More than a dozen mug shots taken of Matthew Medlin over the last decade show how meth addiction has ruined his life.

PORTLAND, Ore. -- More than a dozen mug shots taken of Matthew Medlin over the last decade show how meth addiction has ruined his life.

He's been in and out of jail more than two dozen times over the past 15 years.

You can see in his booking photos from the Multnomah County Jail, the steady change in Medlin. One after another, they show the face of a man all too familiar with the criminal justice system. Many of his previous crimes were related to theft and burglary.

Photos: Matthew Joseph Medlin booking photos, 2002-present

He was in court again Wednesday afternoon. He’s accused of jumping onto a police car, damaging it and three others, climbing a tree, then running into a restaurant in Southeast Portland.
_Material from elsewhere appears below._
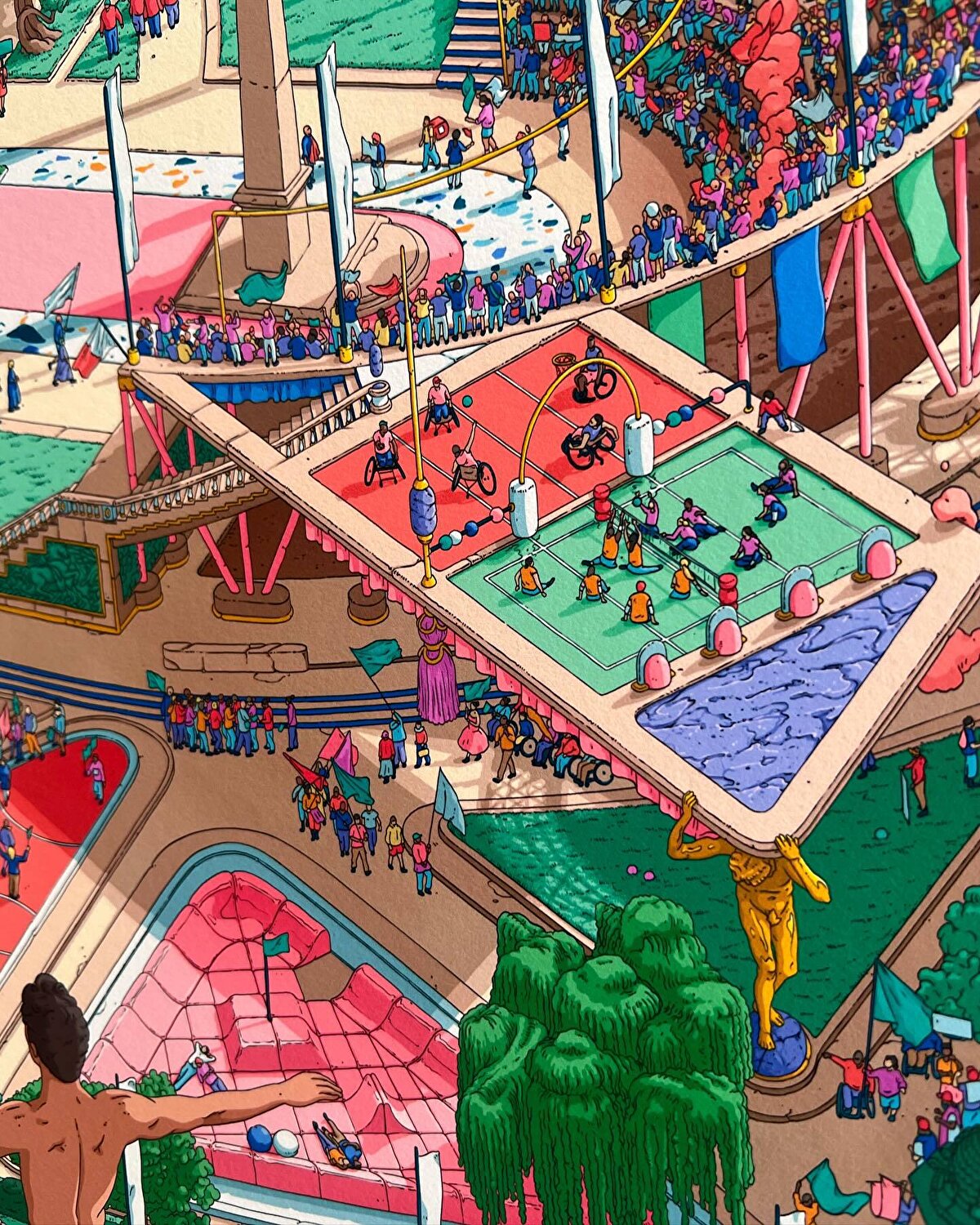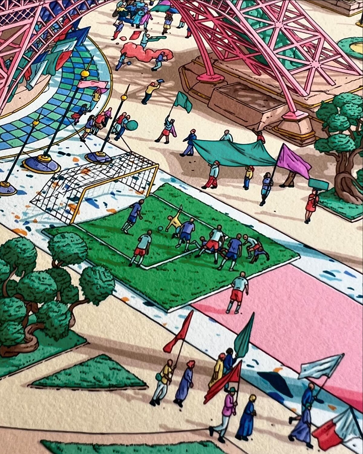 Gattoni, etkinliklerin gerçekleşeceği Paris'in ikonik yapılarına da yer verdiği bu çalışmayı, 2000 saatin üzerinde bir efor sarf ederek ortaya koydu.
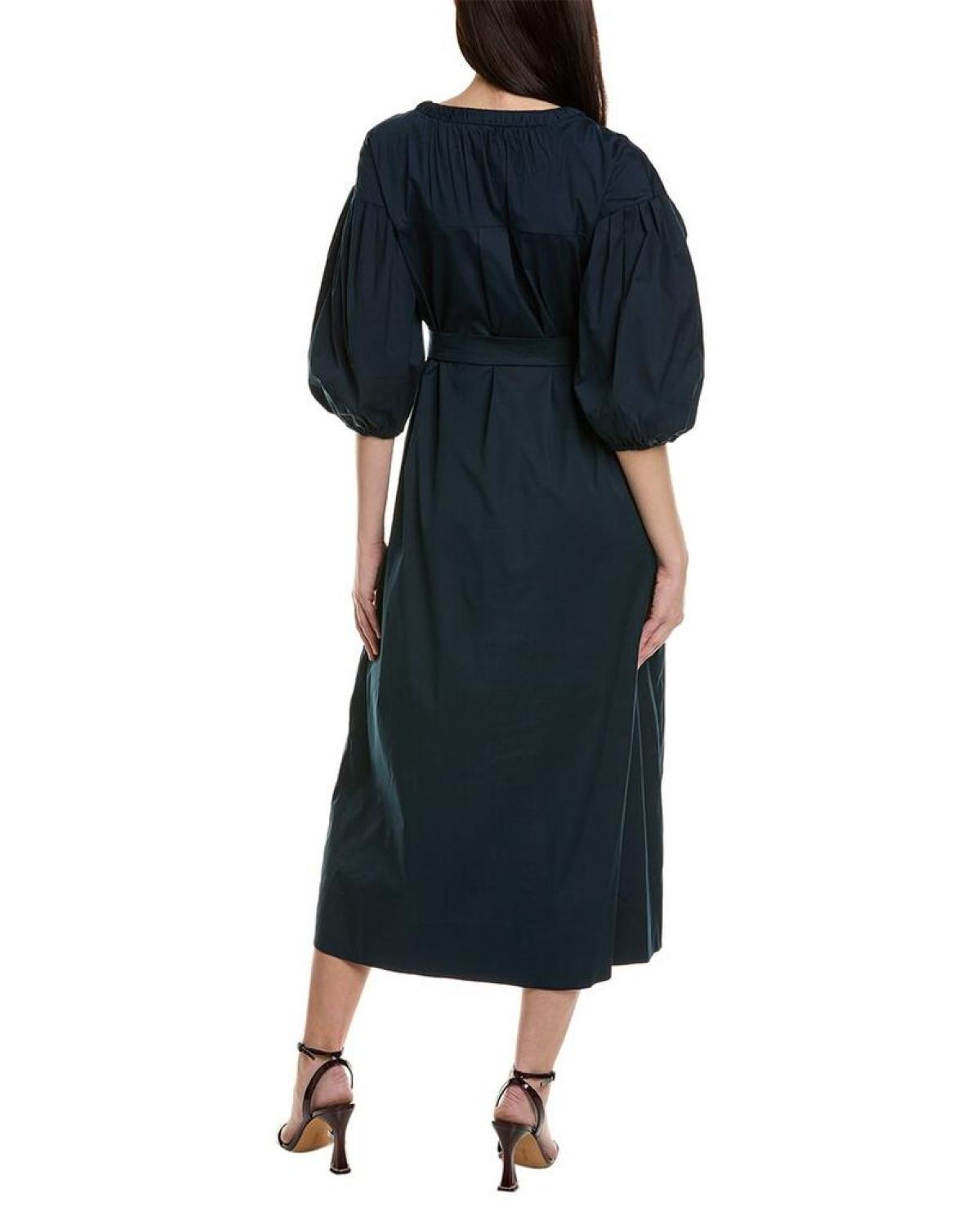 Elevate your wardrobe with the Max Mara S Max Mara Canto Midi Dress. This stunning navy dress features gathered drawstring neckline, balloon sleeves, tie sash at waist, and convenient side seam pockets. The button front adds a touch of sophistication, while the 80% cotton, 18% nylon, 2% elastane fabric blend ensures comfort and durability. Machine washable and imported, this dress is approximately 51 inches from shoulder to hem and is available in various sizes. Make a fashionable statement with this chic and versatile piece from Max Mara.

Police said he licked a man and tried to bite an arresting officer.

More: Face-licking, car-denting suspect arrested in Portland

Randi Triplett is a recovering addict. She understands what drugs can do to a person.

“You are not who you normally would be. You are a totally different person. Your values are gone. Your morals are gone. Your empathy is gone. Your compassion is gone. You are not who you were born to be,” she said.

Triplett was addicted to heroin, meth and alcohol. Before she knew it, she said she started losing her family, her schooling and her job.

“I looked around and I was hanging out with people that were in and out of prison, people that were robbing houses, people that were committing crimes, and then eventually I became one of them,” she said.

It wasn't until she was arrested for car thefts and went to jail that she realized her life was crumbling. Fortunately, she found a recovery program.

“The drug problem in Portland is large, I would say epidemic in scope,” said David Eisen, Executive Director at Quest Center for Integrative Health.

Eisen said the problem is multi-faceted and fixing it isn’t easy.

“We have a housing crisis that is part of the problem. We have an employment crisis that is part of the problem. We have a dearth of mental health services that are a part of the problem. This is a many-layered onion,” said Eisen.

In Medlin's case, he was recently sent to a probation program that was supposed to help him find housing and address drug addiction and mental health issues, but Multnomah County officials said he was only there one day before he was arrested for his most recent crime. The jail is a place some believe has become a rotating door.

“There's been a systemic problem… for probably 40 years. It started with the war on drugs, the so-called war on drugs,” said Eisen.

He said problems really started ramping up after the war on drugs began.

"It really exploded into let's lock ‘em up. They're not us, they're not a part of our community. It's us and them as opposed to we are them,” he continued.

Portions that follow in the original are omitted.